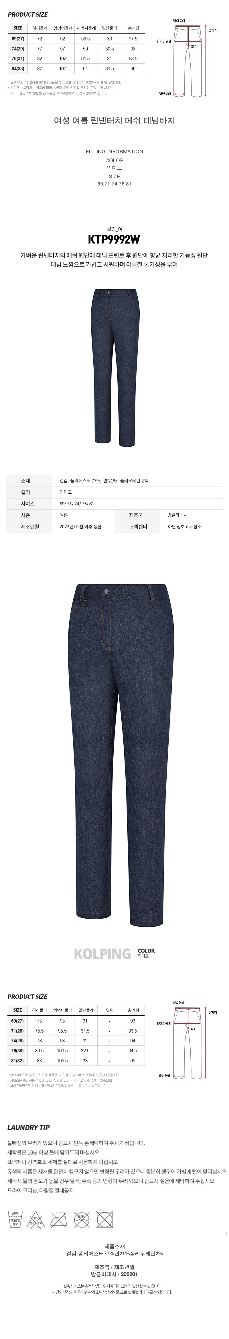 제품소재 : 겉감 - 폴리에스터77% 면21% 폴리우레탄2%
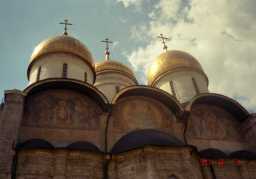 ウスペンスキー寺院 クレムリン内にある歴代皇帝の戴冠式が行われた大聖堂。 1479年完成。とくに見ものは、聖ゲオルギー像、三位一体像などである。 |
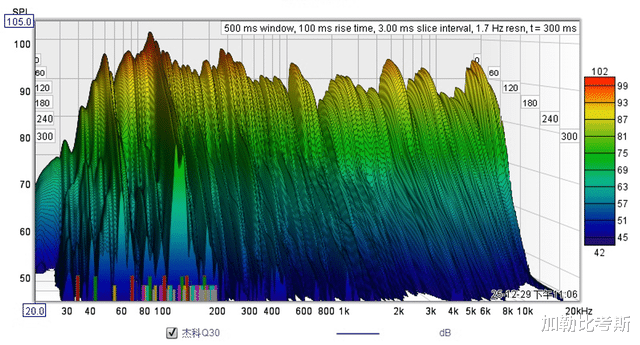 最后看看瀑布图,在150Hz - 200Hz 的“山脊”,可以看到低音听起来量感足,但是有余韵。这也是因为Q30的7.1.4声道营造氛围感的一种方式。
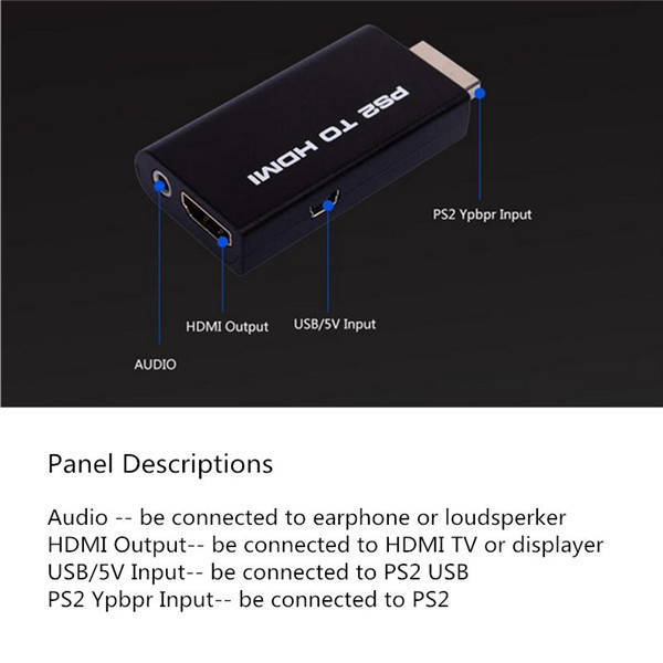 PS2 to HDMI Video Converter Adapter with 3.5mm Audio Output for HDTV HDMI 1080P Support 480i 576i 480p
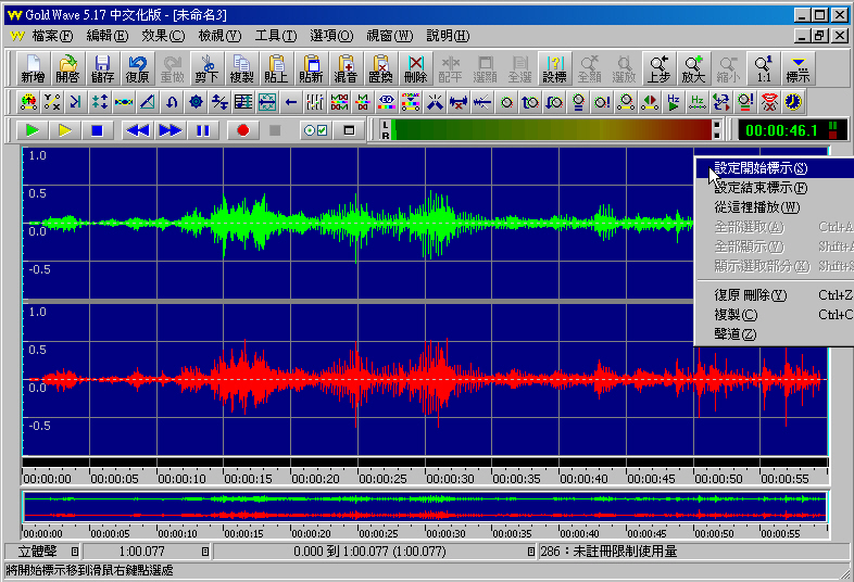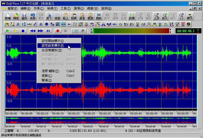 2. 假設擷取其中60秒,在全選狀態下(藍底),滑鼠指標移至開始位置,用右鍵→設定開始標示,此時開始時間前會呈現黑色;滑鼠指標移至結束位置,用右鍵→設定結束標示,此時結束時間之後會呈現黑色→可先播放試聽,確定再進行下一步
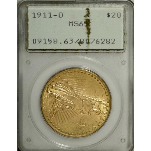 1911-D $20 MS63 PCGS. PCGS Population (2143/4298). NGC
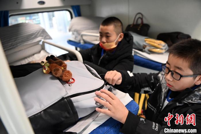 1月15日,“隴原學子游敦煌”敦煌文化研學季專列發(fā)班儀式在甘肅蘭州舉行,圖為學生在K9667次列車上。九美旦增 攝
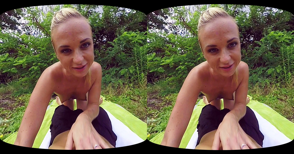 Get ready for some outdoor fun without having to worry about some stranger unexpectedly walking in on you! Summer is here and we decided to take our VR porn camera outside, so you can enjoy having sex with a cute girl somewhere else than just an inside room. We asked Vinna Reed, a smoking hot blonde with tiny, but perky breasts, to join us and give you the experience you deserve. So take your VR porn helmet out and get a fresh dose of perfectly great outdoor sex without ever having to step outside!

□ □ □ □ □ □ □

**What is needed:** The line containing "クレムリン内にある歴代皇帝の戴冠式が行われた大聖堂。 1479年完成。とくに見ものは、聖ゲオルギー像、三位一体像などである。 |" and every line after it, up to the last line of the data, should be returned exactly, without the pictures.

**Exercise output:**
 ウスペンスキー寺院 クレムリン内にある歴代皇帝の戴冠式が行われた大聖堂。 1479年完成。とくに見ものは、聖ゲオルギー像、三位一体像などである。 |
 最后看看瀑布图,在150Hz - 200Hz 的“山脊”,可以看到低音听起来量感足,但是有余韵。这也是因为Q30的7.1.4声道营造氛围感的一种方式。
 PS2 to HDMI Video Converter Adapter with 3.5mm Audio Output for HDTV HDMI 1080P Support 480i 576i 480p
 2. 假設擷取其中60秒,在全選狀態下(藍底),滑鼠指標移至開始位置,用右鍵→設定開始標示,此時開始時間前會呈現黑色;滑鼠指標移至結束位置,用右鍵→設定結束標示,此時結束時間之後會呈現黑色→可先播放試聽,確定再進行下一步
 1911-D $20 MS63 PCGS. PCGS Population (2143/4298). NGC
 1月15日,“隴原學子游敦煌”敦煌文化研學季專列發(fā)班儀式在甘肅蘭州舉行,圖為學生在K9667次列車上。九美旦增 攝
 Get ready for some outdoor fun without having to worry about some stranger unexpectedly walking in on you! Summer is here and we decided to take our VR porn camera outside, so you can enjoy having sex with a cute girl somewhere else than just an inside room. We asked Vinna Reed, a smoking hot blonde with tiny, but perky breasts, to join us and give you the experience you deserve. So take your VR porn helmet out and get a fresh dose of perfectly great outdoor sex without ever having to step outside!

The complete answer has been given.